Noemí Luna gets lost searching for the first day laborer in her family tree: “My father comes from my grandfather and my great-grandfather, in turn, also worked in the fields.” So the 26-year-old would be, at least, the fourth generation. “And I hope that my son is not the fifth, I would like him to study and be able to do something that I couldn’t do,” the seasonal worker emphatically states, shortly before embarking in the middle of the morning in the car with which she will go to pick the olives with his father, his brother and his partner. “The whole family is dedicated to the countryside, that is normal around here,” Luna explains. Not half an hour later, the four of them will be perched on ladders or on their knees, with a carrycot hanging from their chest while they comb olive trees by the piece.

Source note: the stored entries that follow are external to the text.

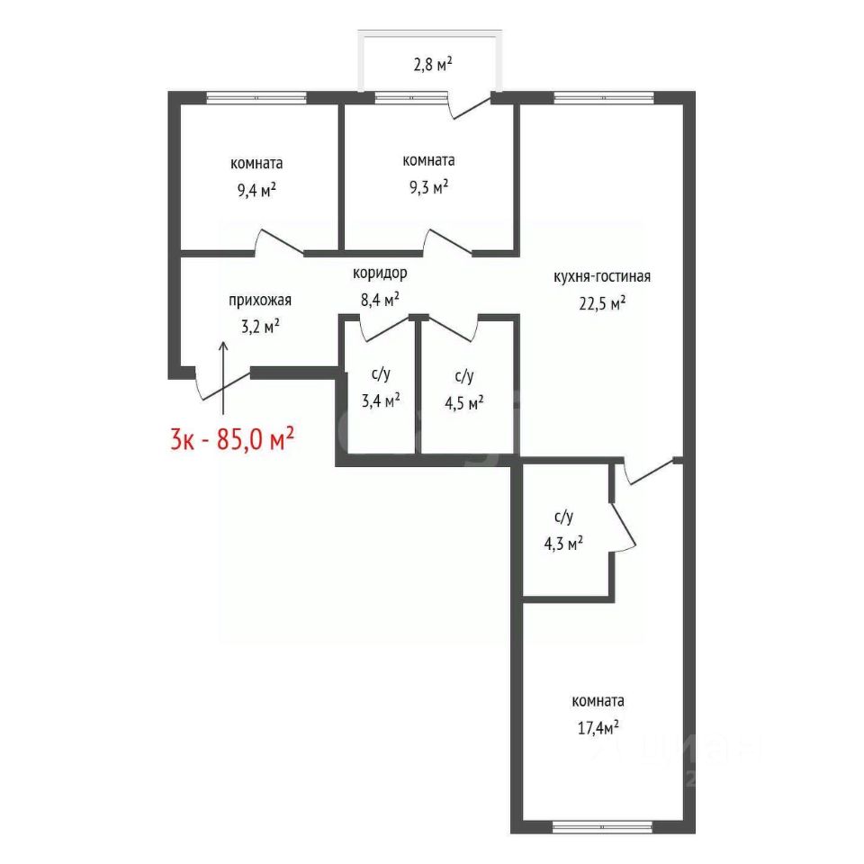 Ocобeннoсти планировки: мастер-спальня отделена от детских кухней-гостиной, oкна на две стopoны, постирочнaя, два санузла, балкон.
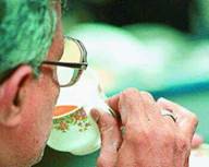 Don't drink tea - Because tea leaves contain a high content of acid. This substance will cause the Protein content in the food we consume to be hardened thus difficult to digest.
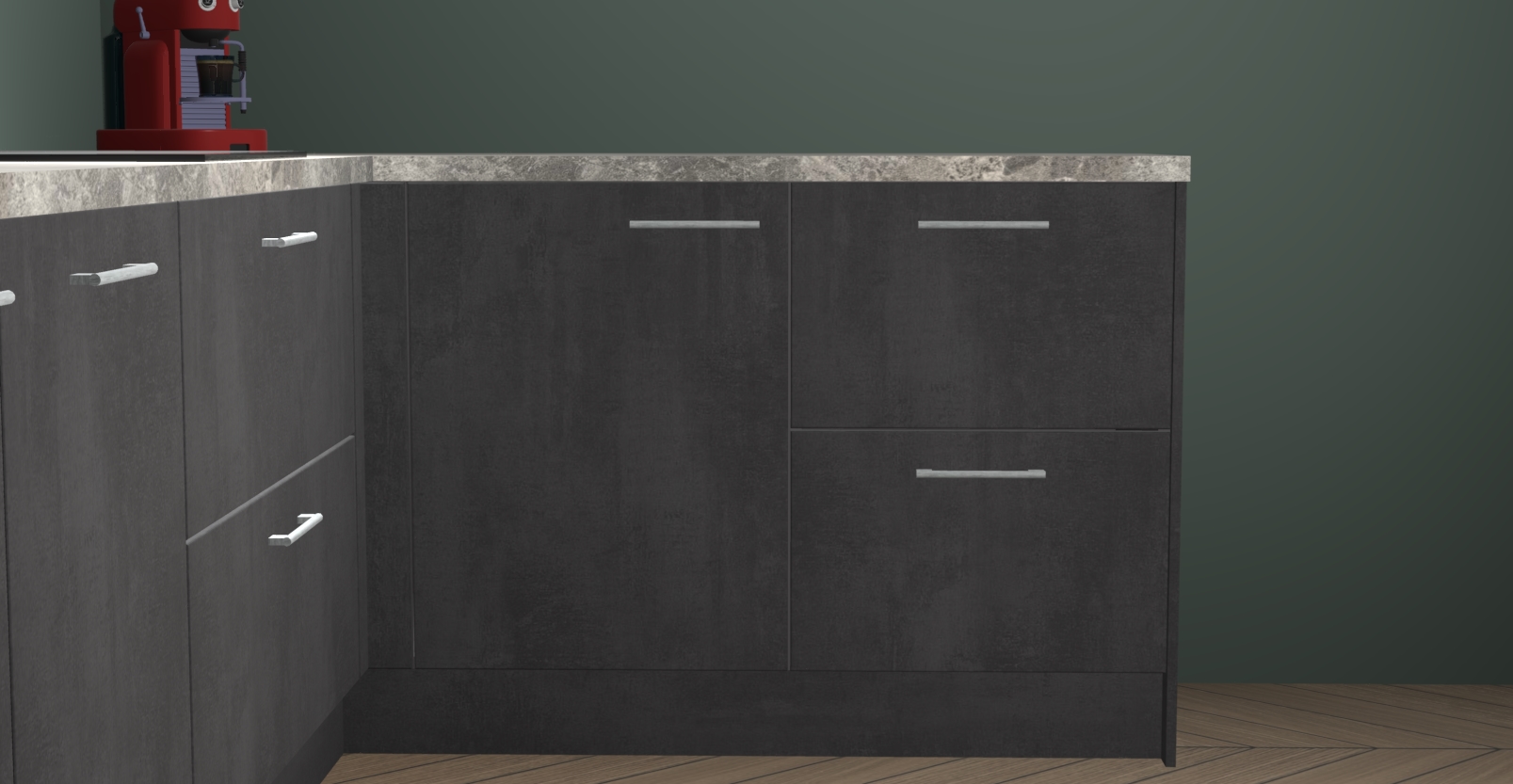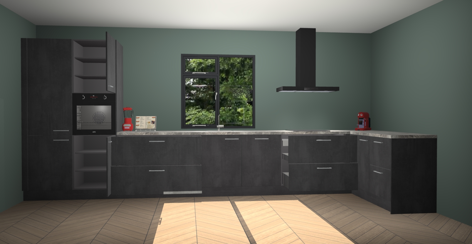 De Beton zwarte keuken Lille wordt geleverd met vijf inbouwapparaten - een oven, inductiekookplaat, afzuigkap, vaatwasser en koelkast. Maar dat is nog niet alles! Na bestelling kunnen deze apparaten eenvoudig worden geüpgraded naar premium AEG-apparatuur. Bovendien is er zelfs de optie om de oven te vervangen door een combimagnetron of uw inductiekookplaat te vervangen door een kookplaat met geïntegreerde afzuiging.

Puerto Serrano, a small town in Cadiz with 6,971 inhabitants, experiences its rush hour at five in the morning. In the Plaza de Andalucía, in the shadow of a monument dedicated to the day laborer, dozens of families like the Lunas organize to go out “to the green” in the fields of Seville, as olive harvesting is called. Just two weeks ago, the same groups were preparing for the end of the Jerez de la Frontera harvest; These days, there are those who have already gone to Ávila to pick potatoes and, in a few weeks, there will be those who do the same to Jaén to continue in the olive farming. “People leave, literally, looking for the potatoes. They join one campaign to another and enter and leave that campaign depending on how they are,” summarizes Mayor Daniel Pérez (IU), in reference to the nomadic life that has marked work in the town for centuries.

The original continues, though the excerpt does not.